> **Information shown**
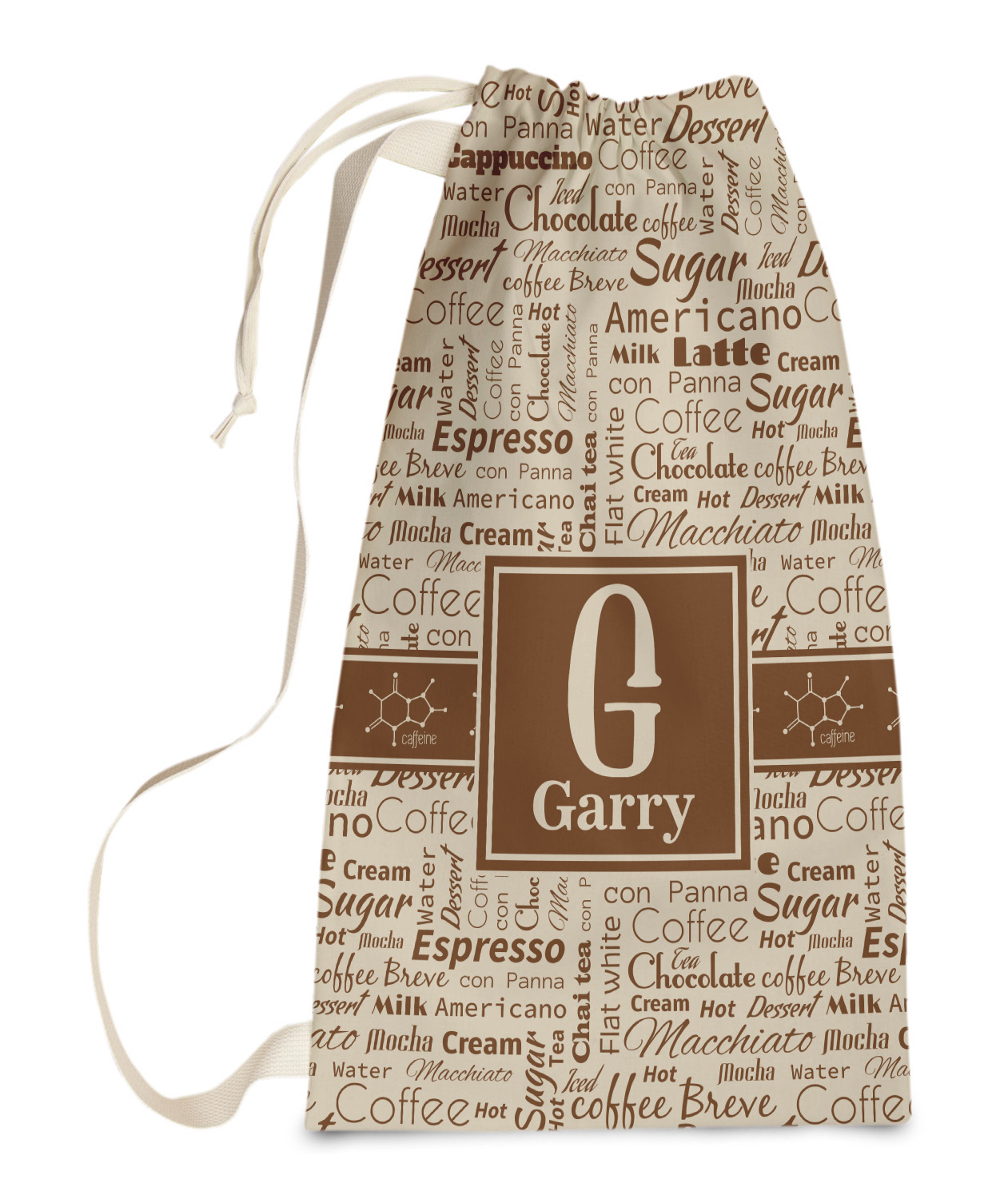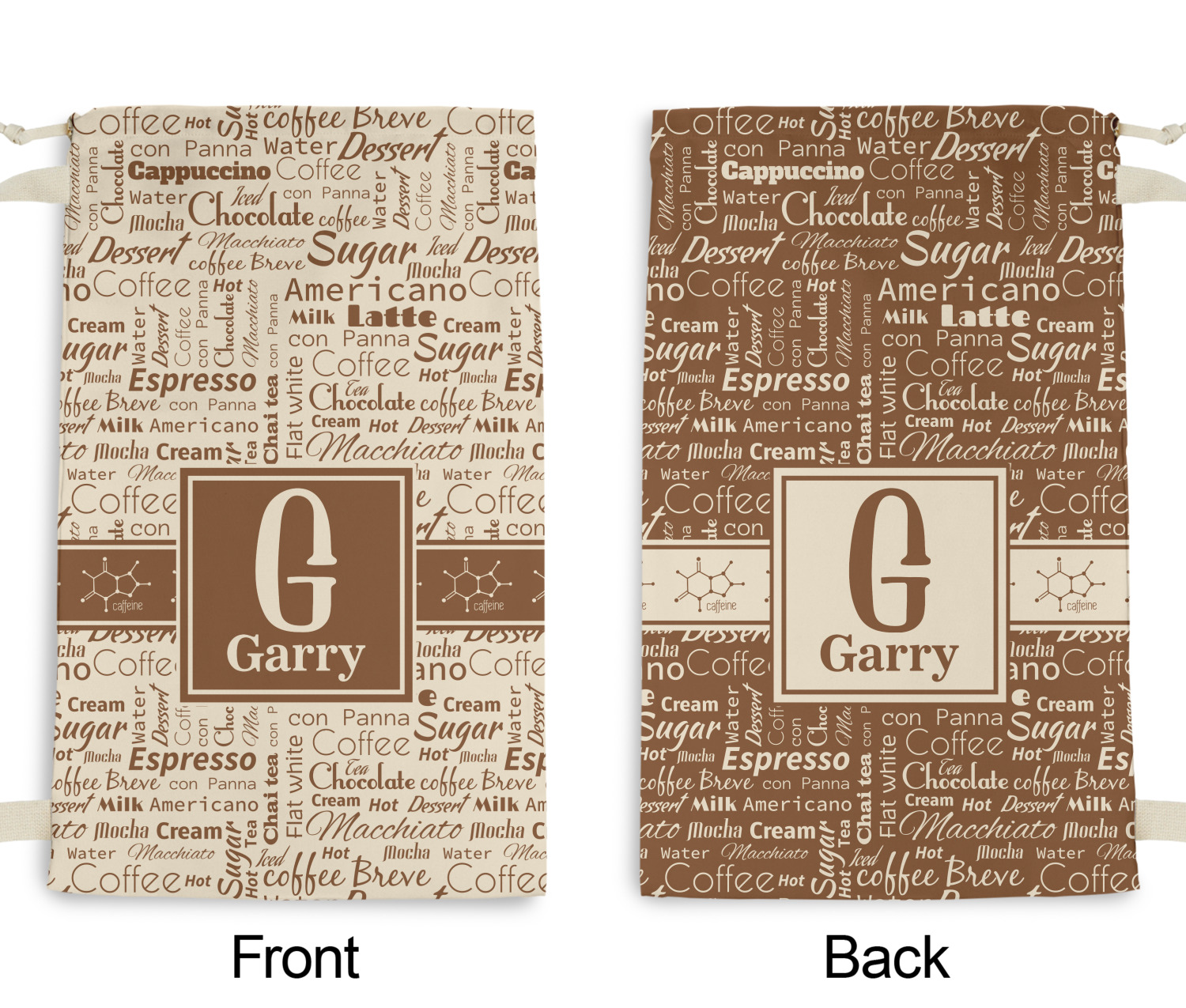 This design has a fun word cloud background with words like macchiato, sugar, coffee, latte, americano, and more. The colors are a light cream and chocolate brown. In the center is a frame where you are able to add personalization. The ribbon behind the frame has the chemical symbol for caffiene.
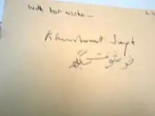 Khushwant Singh's Autographed Card
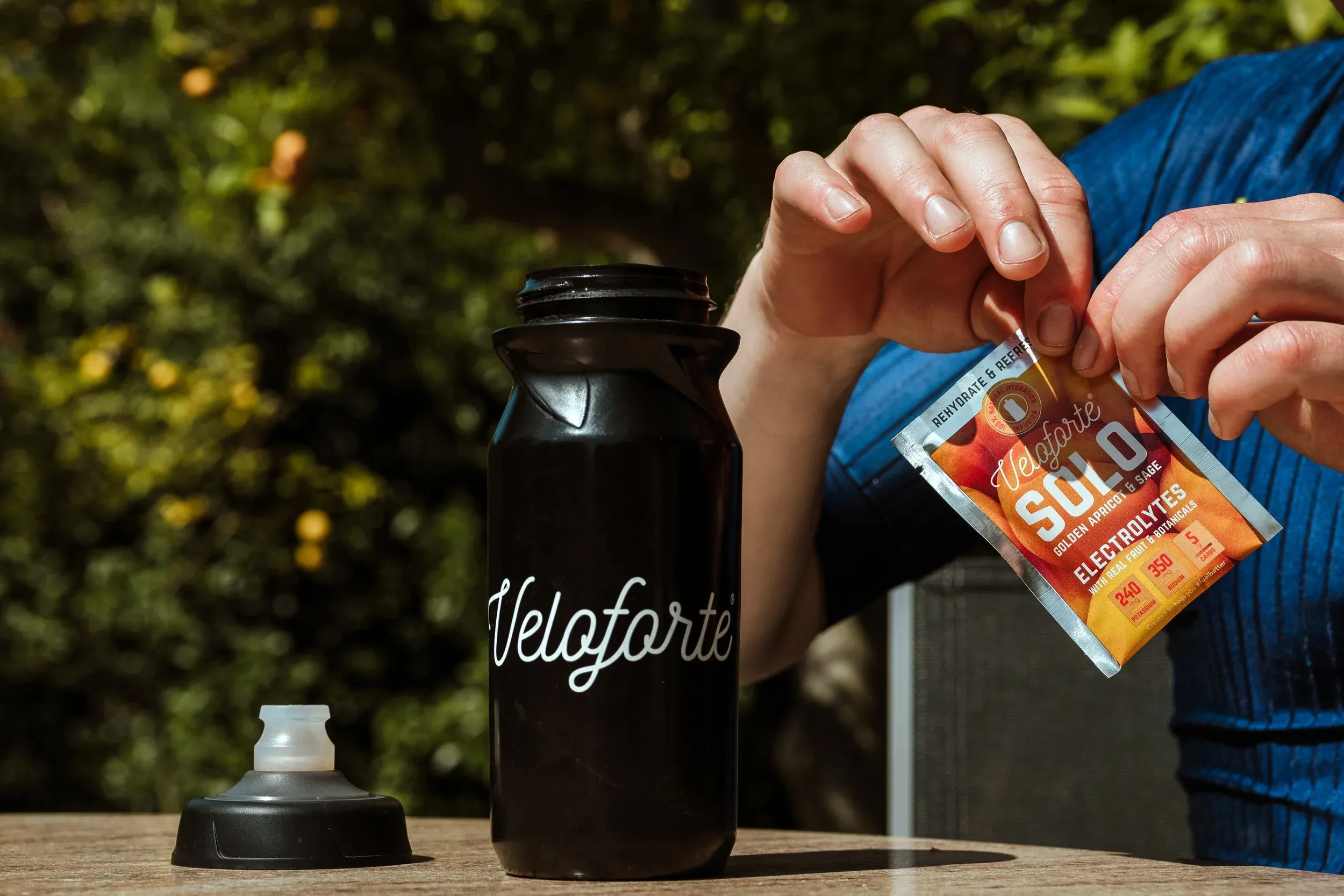 SOLO Electrolyte Powder: Hot conditions and consecutive riding days drain sodium and potassium fast. SOLO replenishes them: powdered coconut water, pink Himalayan salt, 240mg potassium, 350mg sodium, 5g carbs. The flavour is refreshing enough that you actually want to drink more, which is the point.

> **Instructions for the task**
Where pictures sit among the data above, omit them, and output the rest exactly.

> **Task solution**
 This design has a fun word cloud background with words like macchiato, sugar, coffee, latte, americano, and more. The colors are a light cream and chocolate brown. In the center is a frame where you are able to add personalization. The ribbon behind the frame has the chemical symbol for caffiene.
 Khushwant Singh's Autographed Card
 SOLO Electrolyte Powder: Hot conditions and consecutive riding days drain sodium and potassium fast. SOLO replenishes them: powdered coconut water, pink Himalayan salt, 240mg potassium, 350mg sodium, 5g carbs. The flavour is refreshing enough that you actually want to drink more, which is the point.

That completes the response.